Let’s try to create a Customer object and associate Order objects to it:

Customer customer = new Customer();
customer.setName("Name");
customer.setEmail("Email");

List orders=new ArrayList();
for(int i=0;i!=10;i++){
	Order order=new Order();
	order.setCustomer(customer);
	orders.add(order);
}
customer.setOrders(orders);
customerRepository.save(customer);

And let’s see the SQL result:

Hibernate: call next value for hibernate_sequence
Hibernate: call next value for hibernate_sequence
Hibernate: call next value for hibernate_sequence
Hibernate: call next value for hibernate_sequence
Hibernate: call next value for hibernate_sequence
Hibernate: call next value for hibernate_sequence
Hibernate: call next value for hibernate_sequence
Hibernate: call next value for hibernate_sequence
Hibernate: call next value for hibernate_sequence
Hibernate: call next value for hibernate_sequence
Hibernate: call next value for hibernate_sequence
Hibernate: insert into customers (email, name, id) values (?, ?, ?)
Hibernate: insert into orders (customer_id, id) values (?, ?)
Hibernate: insert into orders (customer_id, id) values (?, ?)
Hibernate: insert into orders (customer_id, id) values (?, ?)
Hibernate: insert into orders (customer_id, id) values (?, ?)
Hibernate: insert into orders (customer_id, id) values (?, ?)
Hibernate: insert into orders (customer_id, id) values (?, ?)
Hibernate: insert into orders (customer_id, id) values (?, ?)
Hibernate: insert into orders (customer_id, id) values (?, ?)
Hibernate: insert into orders (customer_id, id) values (?, ?)
Hibernate: insert into orders (customer_id, id) values (?, ?)

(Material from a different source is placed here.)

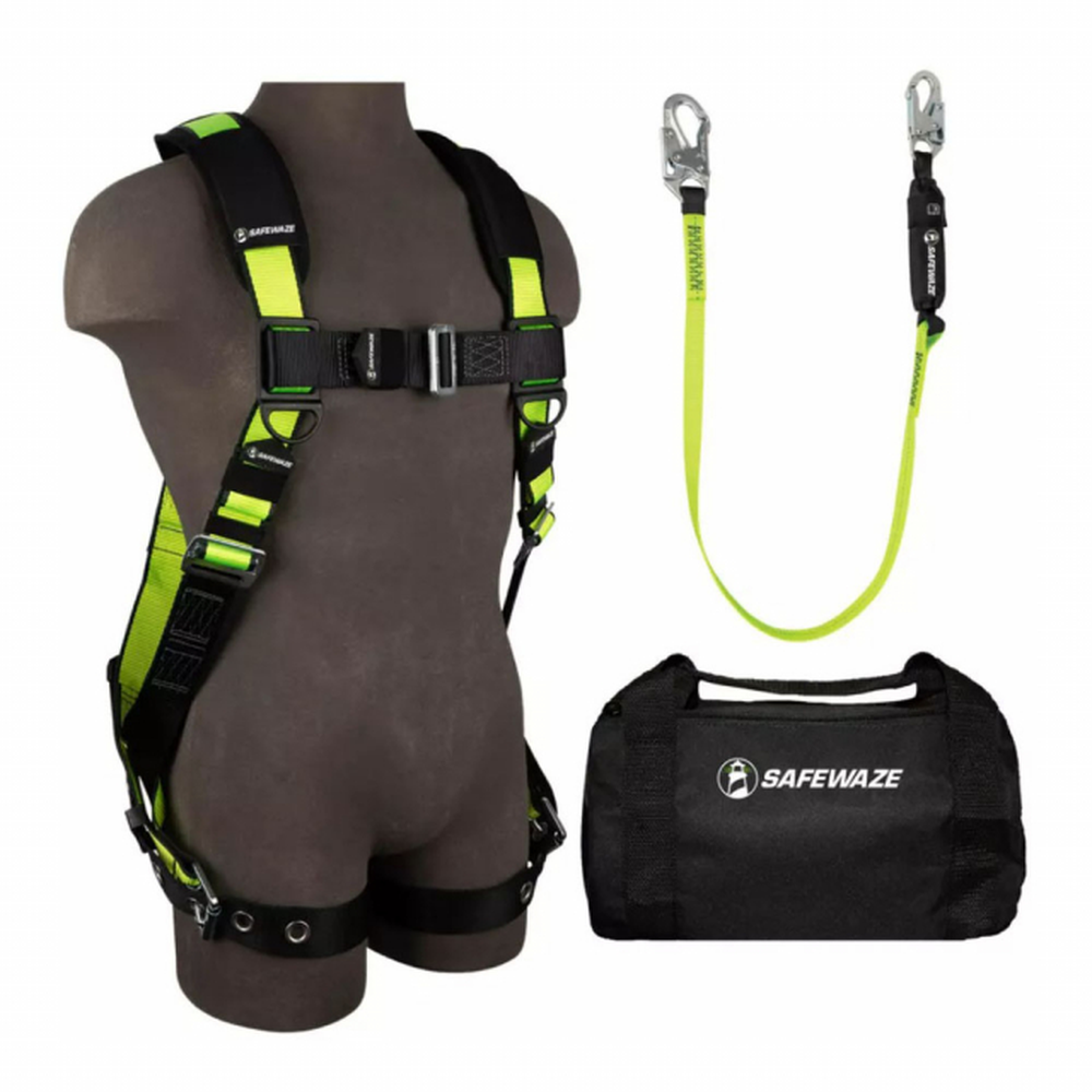 The Safewaze FS141-S/M PRO Bag Combo provides a professional-grade, all-in-one solution for jobsite fall protection compliance. This kit conveniently bundles the high-performance FS185 PRO harness with an energy-absorbing lanyard and a heavy-duty storage bag, ensuring workers stay safe and mobile. Ideal for construction and industrial maintenance, these components are engineered for durability and meet rigorous safety standards for all-day reliability.

We see that JPA has been obtaining the ids of the objects to be inserted, inserts the Customer object and then inserts the Order objects in a sequence of inserts. But… can it be done better? Well yes, it is possible by means of an old friend of the DBA that is the insert in batch, that with a single sentence you can insert multiple rows in the database, but that functionality is not available in JPA by default, it is necessary to indicate it explicitly to the implementation in this case, of hibernate, for example, with Spring we would indicate it in the application.properties.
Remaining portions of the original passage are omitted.